When you transcribe the lines below, keep every word the same and leave the pictures behind.

#### DATASET RECORDS
<<<<
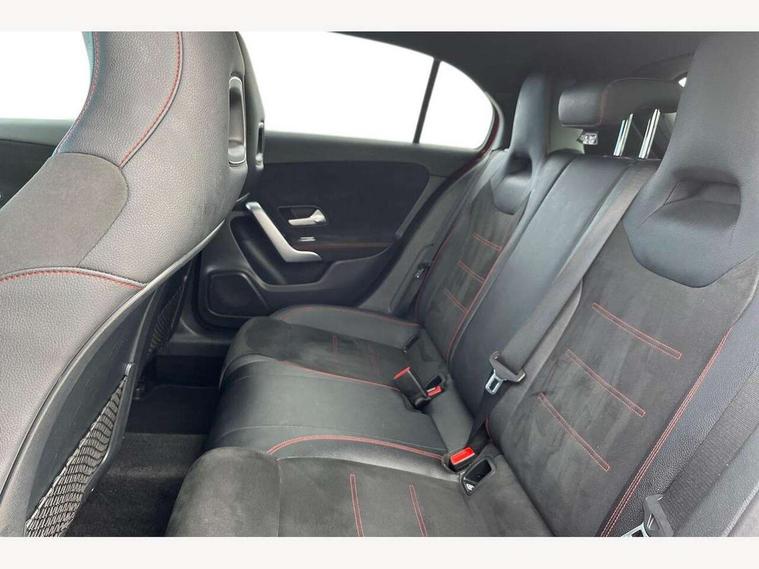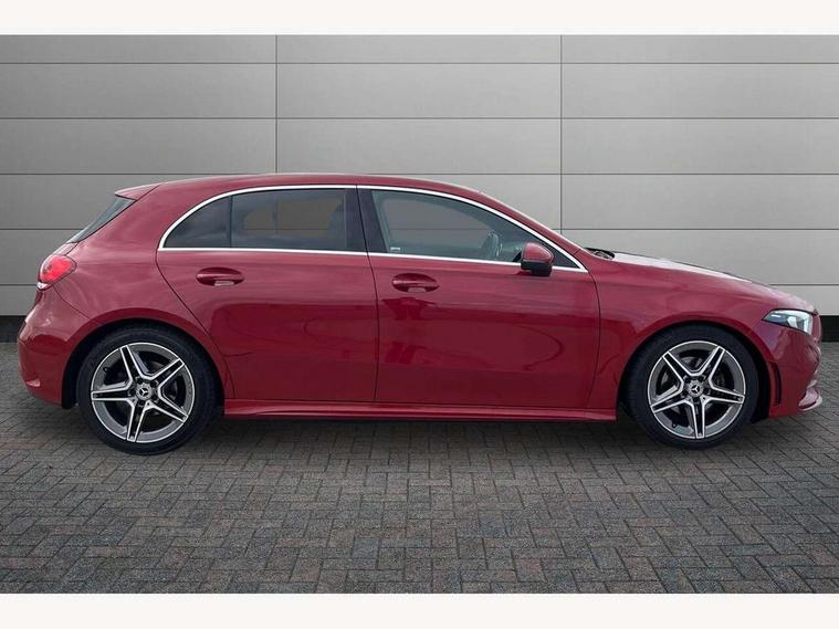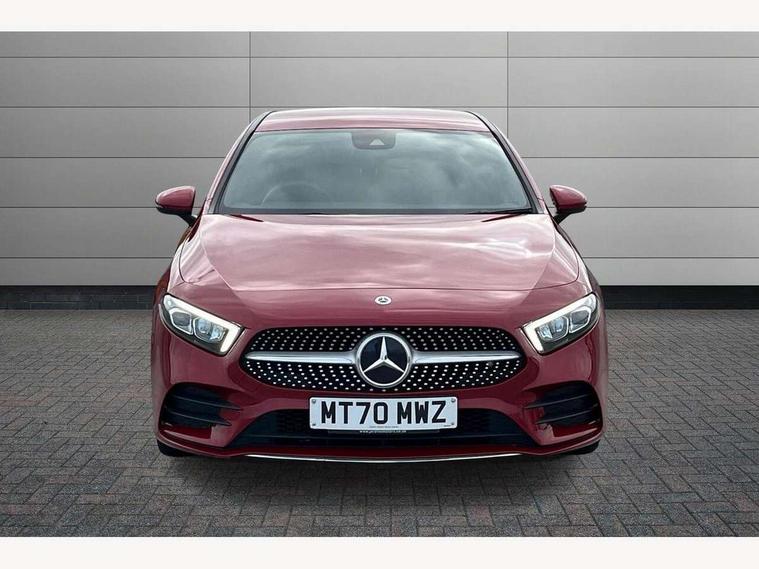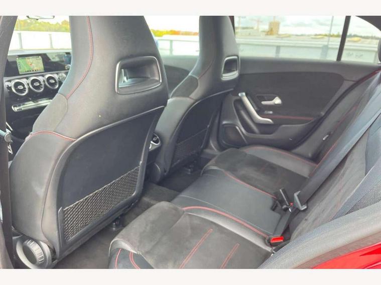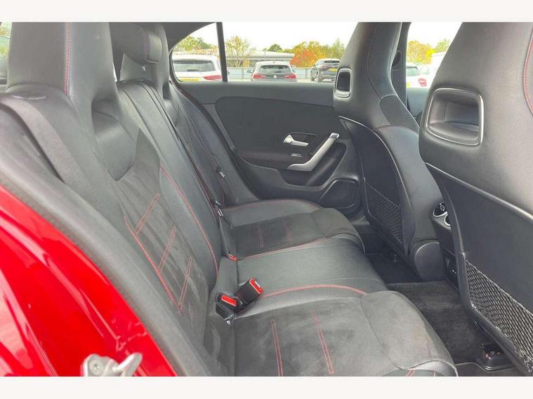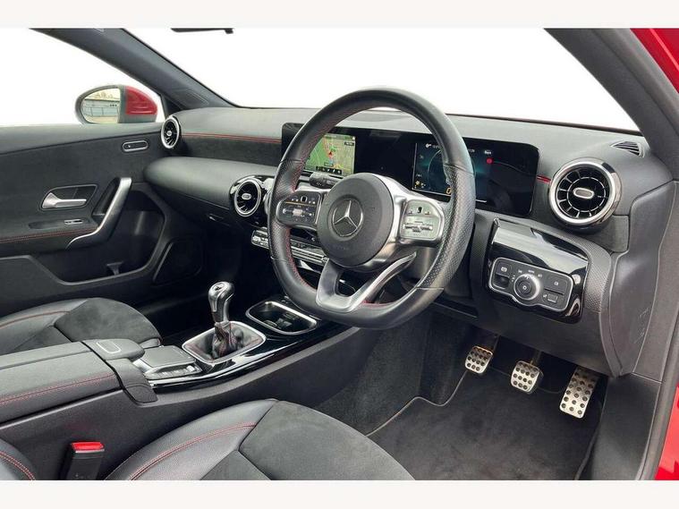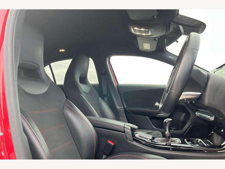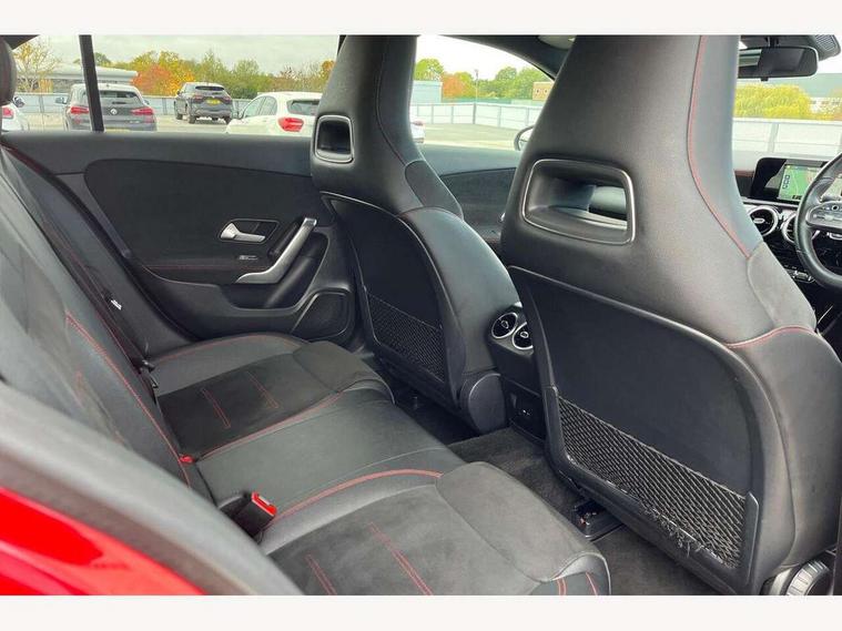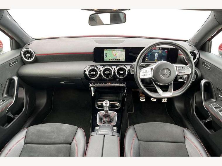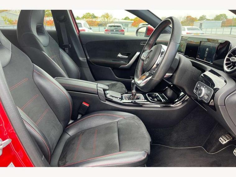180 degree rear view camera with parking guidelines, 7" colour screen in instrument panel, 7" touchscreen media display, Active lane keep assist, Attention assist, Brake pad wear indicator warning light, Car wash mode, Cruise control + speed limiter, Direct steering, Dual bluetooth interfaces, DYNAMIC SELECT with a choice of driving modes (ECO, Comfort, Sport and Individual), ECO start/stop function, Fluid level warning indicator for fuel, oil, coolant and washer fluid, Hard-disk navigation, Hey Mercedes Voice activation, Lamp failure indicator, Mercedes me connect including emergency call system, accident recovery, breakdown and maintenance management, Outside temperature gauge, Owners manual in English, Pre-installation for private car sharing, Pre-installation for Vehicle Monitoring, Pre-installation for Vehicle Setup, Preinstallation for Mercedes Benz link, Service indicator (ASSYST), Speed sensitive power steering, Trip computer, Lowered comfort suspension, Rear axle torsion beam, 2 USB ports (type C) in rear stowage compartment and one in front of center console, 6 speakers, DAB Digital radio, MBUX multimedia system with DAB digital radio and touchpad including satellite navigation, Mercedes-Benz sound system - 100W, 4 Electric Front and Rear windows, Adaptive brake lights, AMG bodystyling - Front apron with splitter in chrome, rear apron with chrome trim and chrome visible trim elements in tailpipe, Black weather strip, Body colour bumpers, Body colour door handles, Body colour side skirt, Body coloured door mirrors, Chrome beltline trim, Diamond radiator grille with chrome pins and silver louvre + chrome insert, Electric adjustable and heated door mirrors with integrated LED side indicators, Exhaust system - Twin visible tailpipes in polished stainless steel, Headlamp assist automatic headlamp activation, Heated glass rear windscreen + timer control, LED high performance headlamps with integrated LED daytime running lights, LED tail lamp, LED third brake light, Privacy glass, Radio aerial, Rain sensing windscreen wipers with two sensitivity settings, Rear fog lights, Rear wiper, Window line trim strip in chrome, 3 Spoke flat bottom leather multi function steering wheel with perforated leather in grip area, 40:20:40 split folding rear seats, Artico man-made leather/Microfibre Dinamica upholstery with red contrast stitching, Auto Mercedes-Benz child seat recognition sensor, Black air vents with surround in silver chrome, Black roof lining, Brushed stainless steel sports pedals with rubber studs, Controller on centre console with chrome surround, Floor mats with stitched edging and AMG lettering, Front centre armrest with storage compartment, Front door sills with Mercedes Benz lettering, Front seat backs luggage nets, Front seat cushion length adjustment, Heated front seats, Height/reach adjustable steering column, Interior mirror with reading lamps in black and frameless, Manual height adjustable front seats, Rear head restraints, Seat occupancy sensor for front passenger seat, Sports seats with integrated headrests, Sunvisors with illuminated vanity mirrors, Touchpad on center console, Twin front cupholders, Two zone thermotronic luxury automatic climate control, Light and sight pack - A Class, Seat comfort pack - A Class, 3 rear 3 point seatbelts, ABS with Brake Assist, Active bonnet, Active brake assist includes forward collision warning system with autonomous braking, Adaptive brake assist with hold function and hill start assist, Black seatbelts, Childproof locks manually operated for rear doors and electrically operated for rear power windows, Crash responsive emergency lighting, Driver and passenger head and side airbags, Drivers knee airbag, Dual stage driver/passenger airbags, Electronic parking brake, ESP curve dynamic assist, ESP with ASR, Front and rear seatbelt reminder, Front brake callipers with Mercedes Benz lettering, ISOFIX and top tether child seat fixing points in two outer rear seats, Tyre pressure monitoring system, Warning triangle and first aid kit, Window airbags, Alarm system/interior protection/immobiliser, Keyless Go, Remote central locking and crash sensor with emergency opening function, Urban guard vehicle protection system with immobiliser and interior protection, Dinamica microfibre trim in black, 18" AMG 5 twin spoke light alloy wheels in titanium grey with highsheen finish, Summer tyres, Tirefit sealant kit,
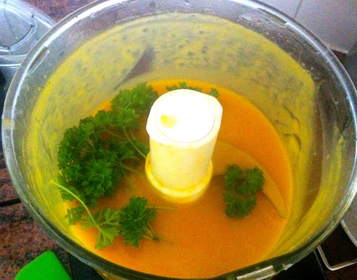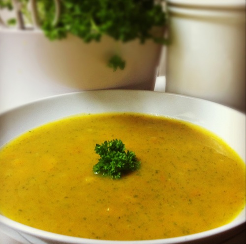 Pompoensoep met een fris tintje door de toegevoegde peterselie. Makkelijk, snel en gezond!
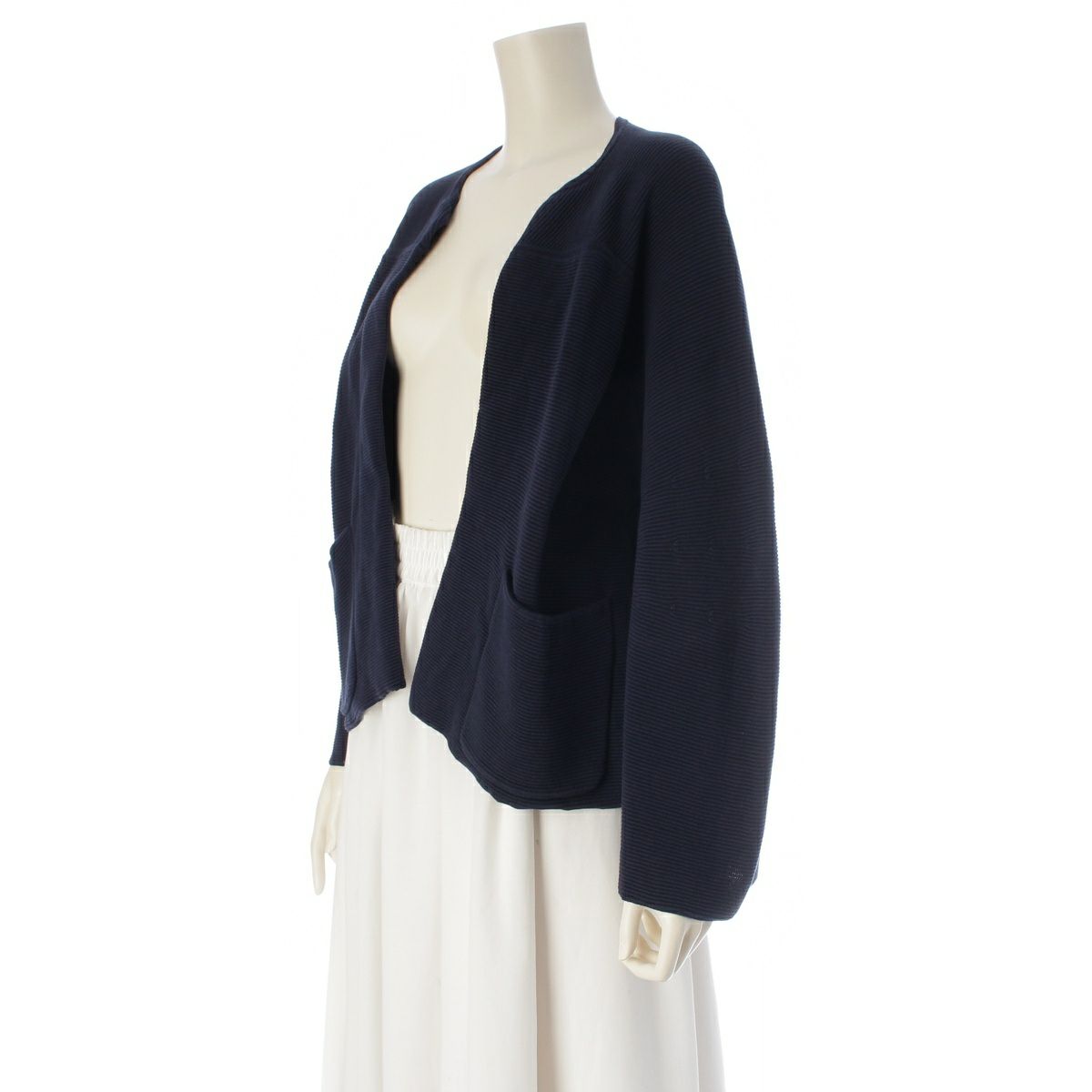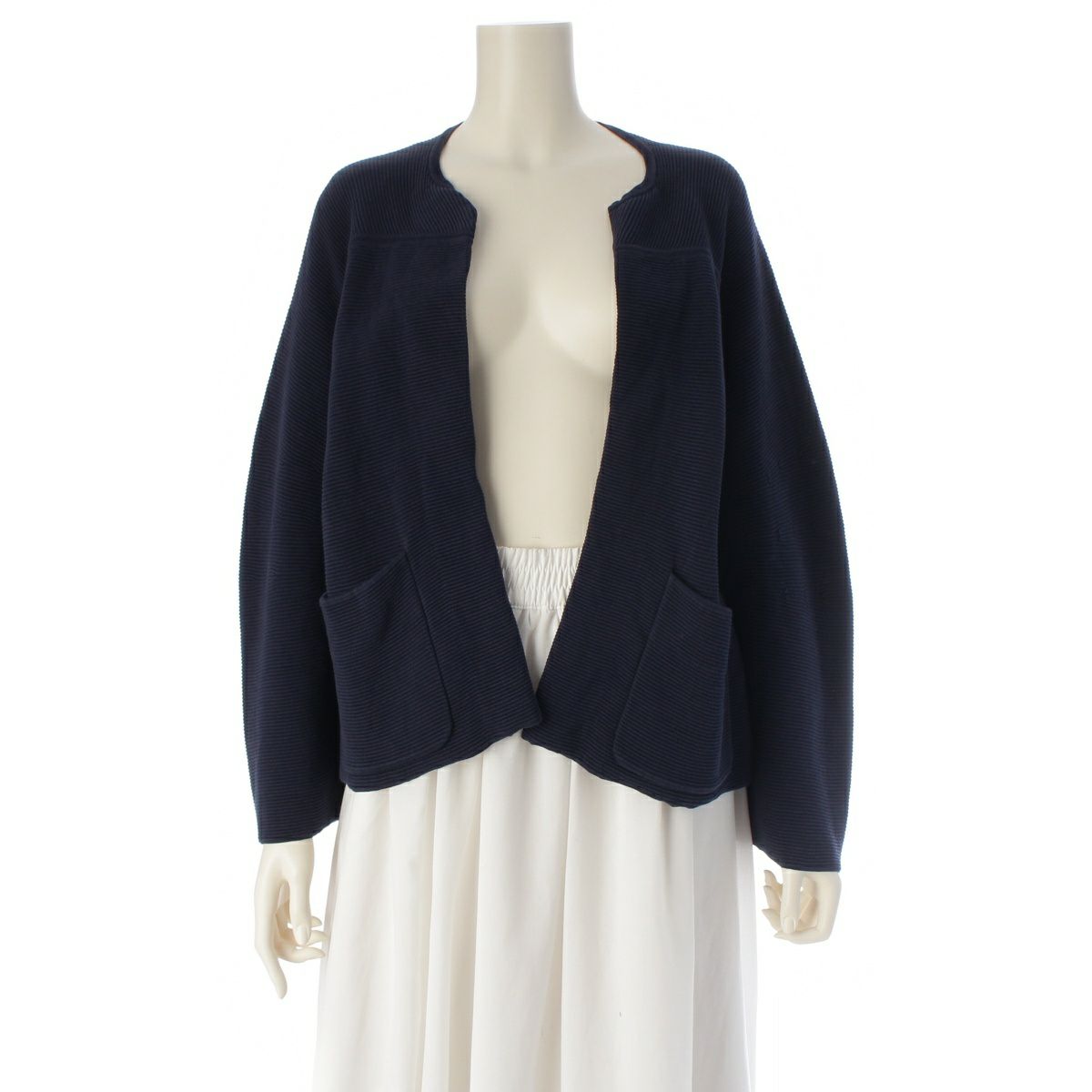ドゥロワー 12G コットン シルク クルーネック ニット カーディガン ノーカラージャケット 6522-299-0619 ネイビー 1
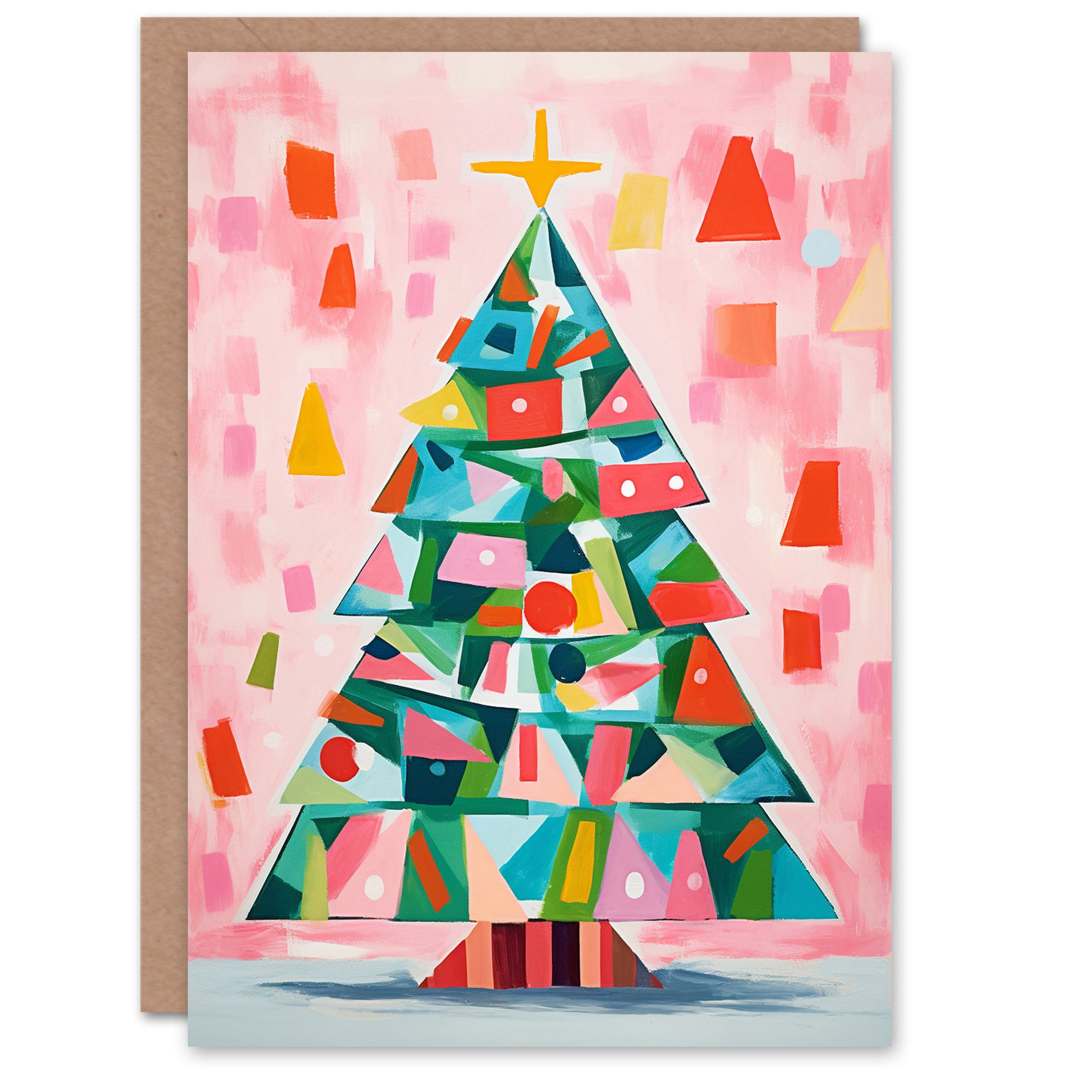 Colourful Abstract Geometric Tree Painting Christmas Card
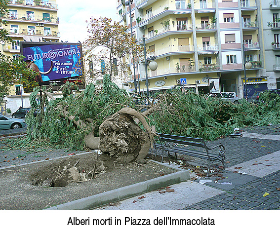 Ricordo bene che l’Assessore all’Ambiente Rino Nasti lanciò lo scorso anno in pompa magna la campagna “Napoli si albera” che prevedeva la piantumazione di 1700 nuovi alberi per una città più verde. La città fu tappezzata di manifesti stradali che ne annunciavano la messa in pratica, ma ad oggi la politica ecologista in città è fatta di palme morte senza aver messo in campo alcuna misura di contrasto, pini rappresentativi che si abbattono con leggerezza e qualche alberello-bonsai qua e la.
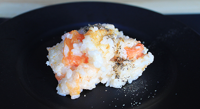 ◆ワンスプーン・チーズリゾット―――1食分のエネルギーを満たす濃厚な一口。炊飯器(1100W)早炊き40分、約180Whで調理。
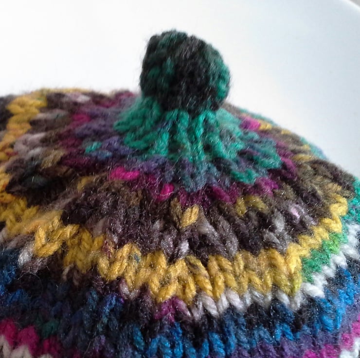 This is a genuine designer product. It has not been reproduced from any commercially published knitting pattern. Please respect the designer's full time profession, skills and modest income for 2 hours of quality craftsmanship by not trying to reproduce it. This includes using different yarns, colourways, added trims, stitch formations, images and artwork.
>>>>
#### TASK SOLUTION
180 degree rear view camera with parking guidelines, 7" colour screen in instrument panel, 7" touchscreen media display, Active lane keep assist, Attention assist, Brake pad wear indicator warning light, Car wash mode, Cruise control + speed limiter, Direct steering, Dual bluetooth interfaces, DYNAMIC SELECT with a choice of driving modes (ECO, Comfort, Sport and Individual), ECO start/stop function, Fluid level warning indicator for fuel, oil, coolant and washer fluid, Hard-disk navigation, Hey Mercedes Voice activation, Lamp failure indicator, Mercedes me connect including emergency call system, accident recovery, breakdown and maintenance management, Outside temperature gauge, Owners manual in English, Pre-installation for private car sharing, Pre-installation for Vehicle Monitoring, Pre-installation for Vehicle Setup, Preinstallation for Mercedes Benz link, Service indicator (ASSYST), Speed sensitive power steering, Trip computer, Lowered comfort suspension, Rear axle torsion beam, 2 USB ports (type C) in rear stowage compartment and one in front of center console, 6 speakers, DAB Digital radio, MBUX multimedia system with DAB digital radio and touchpad including satellite navigation, Mercedes-Benz sound system - 100W, 4 Electric Front and Rear windows, Adaptive brake lights, AMG bodystyling - Front apron with splitter in chrome, rear apron with chrome trim and chrome visible trim elements in tailpipe, Black weather strip, Body colour bumpers, Body colour door handles, Body colour side skirt, Body coloured door mirrors, Chrome beltline trim, Diamond radiator grille with chrome pins and silver louvre + chrome insert, Electric adjustable and heated door mirrors with integrated LED side indicators, Exhaust system - Twin visible tailpipes in polished stainless steel, Headlamp assist automatic headlamp activation, Heated glass rear windscreen + timer control, LED high performance headlamps with integrated LED daytime running lights, LED tail lamp, LED third brake light, Privacy glass, Radio aerial, Rain sensing windscreen wipers with two sensitivity settings, Rear fog lights, Rear wiper, Window line trim strip in chrome, 3 Spoke flat bottom leather multi function steering wheel with perforated leather in grip area, 40:20:40 split folding rear seats, Artico man-made leather/Microfibre Dinamica upholstery with red contrast stitching, Auto Mercedes-Benz child seat recognition sensor, Black air vents with surround in silver chrome, Black roof lining, Brushed stainless steel sports pedals with rubber studs, Controller on centre console with chrome surround, Floor mats with stitched edging and AMG lettering, Front centre armrest with storage compartment, Front door sills with Mercedes Benz lettering, Front seat backs luggage nets, Front seat cushion length adjustment, Heated front seats, Height/reach adjustable steering column, Interior mirror with reading lamps in black and frameless, Manual height adjustable front seats, Rear head restraints, Seat occupancy sensor for front passenger seat, Sports seats with integrated headrests, Sunvisors with illuminated vanity mirrors, Touchpad on center console, Twin front cupholders, Two zone thermotronic luxury automatic climate control, Light and sight pack - A Class, Seat comfort pack - A Class, 3 rear 3 point seatbelts, ABS with Brake Assist, Active bonnet, Active brake assist includes forward collision warning system with autonomous braking, Adaptive brake assist with hold function and hill start assist, Black seatbelts, Childproof locks manually operated for rear doors and electrically operated for rear power windows, Crash responsive emergency lighting, Driver and passenger head and side airbags, Drivers knee airbag, Dual stage driver/passenger airbags, Electronic parking brake, ESP curve dynamic assist, ESP with ASR, Front and rear seatbelt reminder, Front brake callipers with Mercedes Benz lettering, ISOFIX and top tether child seat fixing points in two outer rear seats, Tyre pressure monitoring system, Warning triangle and first aid kit, Window airbags, Alarm system/interior protection/immobiliser, Keyless Go, Remote central locking and crash sensor with emergency opening function, Urban guard vehicle protection system with immobiliser and interior protection, Dinamica microfibre trim in black, 18" AMG 5 twin spoke light alloy wheels in titanium grey with highsheen finish, Summer tyres, Tirefit sealant kit,
 Pompoensoep met een fris tintje door de toegevoegde peterselie. Makkelijk, snel en gezond!
ドゥロワー 12G コットン シルク クルーネック ニット カーディガン ノーカラージャケット 6522-299-0619 ネイビー 1
 Colourful Abstract Geometric Tree Painting Christmas Card
 Ricordo bene che l’Assessore all’Ambiente Rino Nasti lanciò lo scorso anno in pompa magna la campagna “Napoli si albera” che prevedeva la piantumazione di 1700 nuovi alberi per una città più verde. La città fu tappezzata di manifesti stradali che ne annunciavano la messa in pratica, ma ad oggi la politica ecologista in città è fatta di palme morte senza aver messo in campo alcuna misura di contrasto, pini rappresentativi che si abbattono con leggerezza e qualche alberello-bonsai qua e la.
 ◆ワンスプーン・チーズリゾット―――1食分のエネルギーを満たす濃厚な一口。炊飯器(1100W)早炊き40分、約180Whで調理。
 This is a genuine designer product. It has not been reproduced from any commercially published knitting pattern. Please respect the designer's full time profession, skills and modest income for 2 hours of quality craftsmanship by not trying to reproduce it. This includes using different yarns, colourways, added trims, stitch formations, images and artwork.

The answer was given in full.